Colombian law tightens grip on TV licenses Measure follows coverage of politicians' drug links


BOGOTA, Colombia -- In the way Americans have watched trials unfold on television, Colombians have tuned in to keep up with a drug scandal that has jailed 14 members of Congress and raised questions about President Ernesto Samper's possible links to drug lords.

But Colombia's Congress passed a new law last week that gives the government a powerful weapon to end the televised saga. Legislators voted to let the government take away the air time of the current owners of newscasts at the end of next year.

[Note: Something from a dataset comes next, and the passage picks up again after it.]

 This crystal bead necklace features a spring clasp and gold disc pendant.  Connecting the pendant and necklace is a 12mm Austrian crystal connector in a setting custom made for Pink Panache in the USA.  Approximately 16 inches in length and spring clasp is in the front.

Measures affecting newscasters are part of a broad, new law that changes the face of Colombian television. Two completely private national channels will be permitted for the first time. The government will continue to broadcast over one channel and to rent space on two state-owned channels.

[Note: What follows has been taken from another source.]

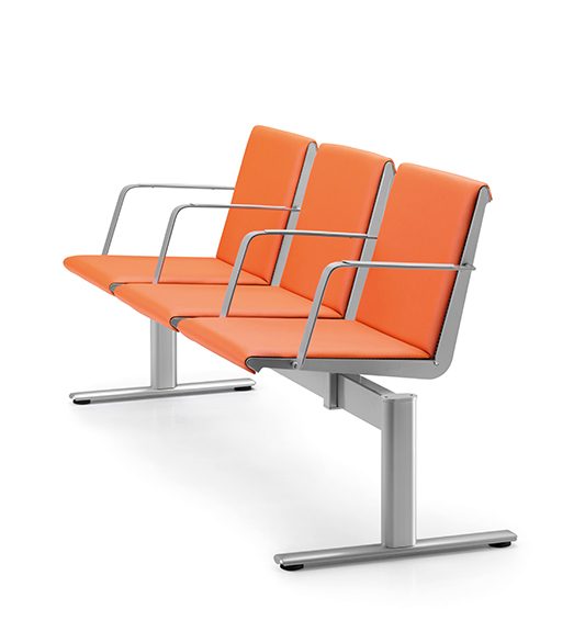 En option: prises USB sur les accoudoirs spéciales à la demande du client, panneau d’assise ou panneau d’assise + dossier ou façade rembourrés et recouverts, pied chromé pour les pieds en « T », entretoises murales et/ou îles opposées, accoudoirs droit et/ou gauche en métal peint fixés directement sur les sièges, accoudoirs métalliques en « T » fixés sur la poutre, tables basses en Alfawood wengé ou hêtre MDF.
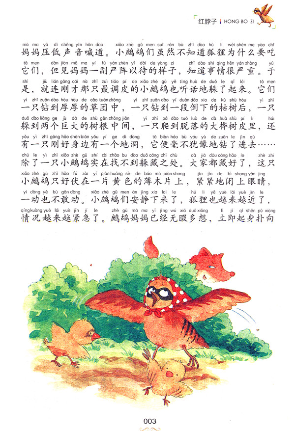 《红脖子(标准注音彩绘版)/世界经典名著系列/爱阅读童年彩书坊》这个故事讲述了一只雄壮而美丽的鹧鸪如何在困境中努力求生。从中我们发现由于掠夺性的资源开发与野蛮的生产方式使地球上的物种正在迅速减少,许多动物濒临灭绝,生态系统遭到了严重破坏。因此我们要努力修复生态系统,建设绿色家园,这也是西顿动物小说的精髓所在。本书是为小学生特别设计的缩写本,为了更有效地提高小学生的阅读和写作能力,编者在正文加注了拼音,并用特殊彩色字体突显好词,再加上精致的动物插图,为小学生展现了一个逼真精彩的动物天地

That rented space is what many critics predict will be used to punish newscasters. Currently, 10 TV news shows -- all owned by different investor groups -- rent space on government channels.

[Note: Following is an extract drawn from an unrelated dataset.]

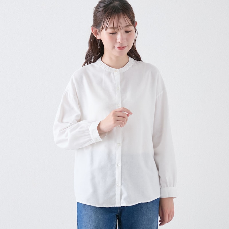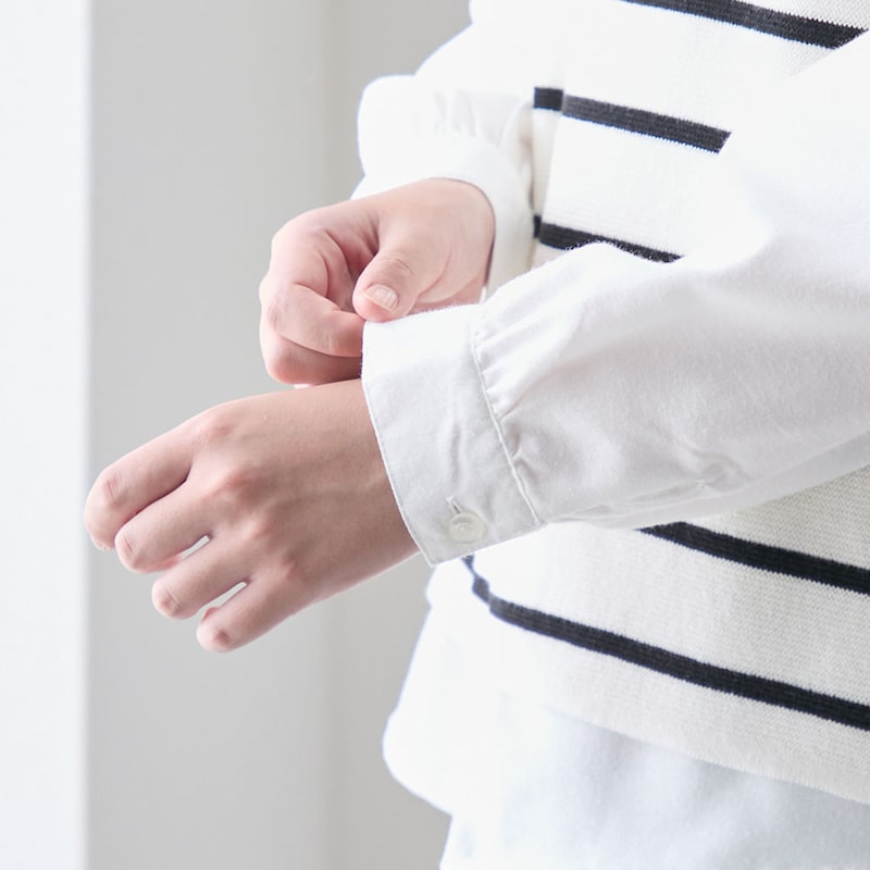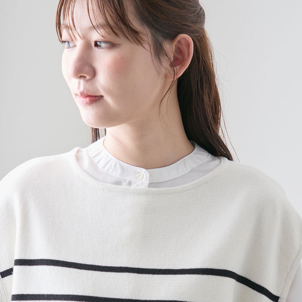 綿ニット×ブラウスのアンサンブル

They are the result of an effort to make TV news more independent under the 1991 constitution. Before 1991, the government channels rented space through four-year licenses that coincided with the presidential term.

Licenses went to the president's friends and relatives. To encourage better quality and more independence, the 1991 law lengthened the licenses to six years, with the possibility of a renewal for another six.

The new law eliminates the possibility of the renewals, although current newscasts may participate in the next round of bidding for licenses.

Sen. Jaime Vargas Suarez, who sponsored the bill, argues that with the new private channels opening up, there will be more opportunities, not fewer. However, many journalists believe that the government will use the new round of bidding on licenses to take aggressive shows off the air.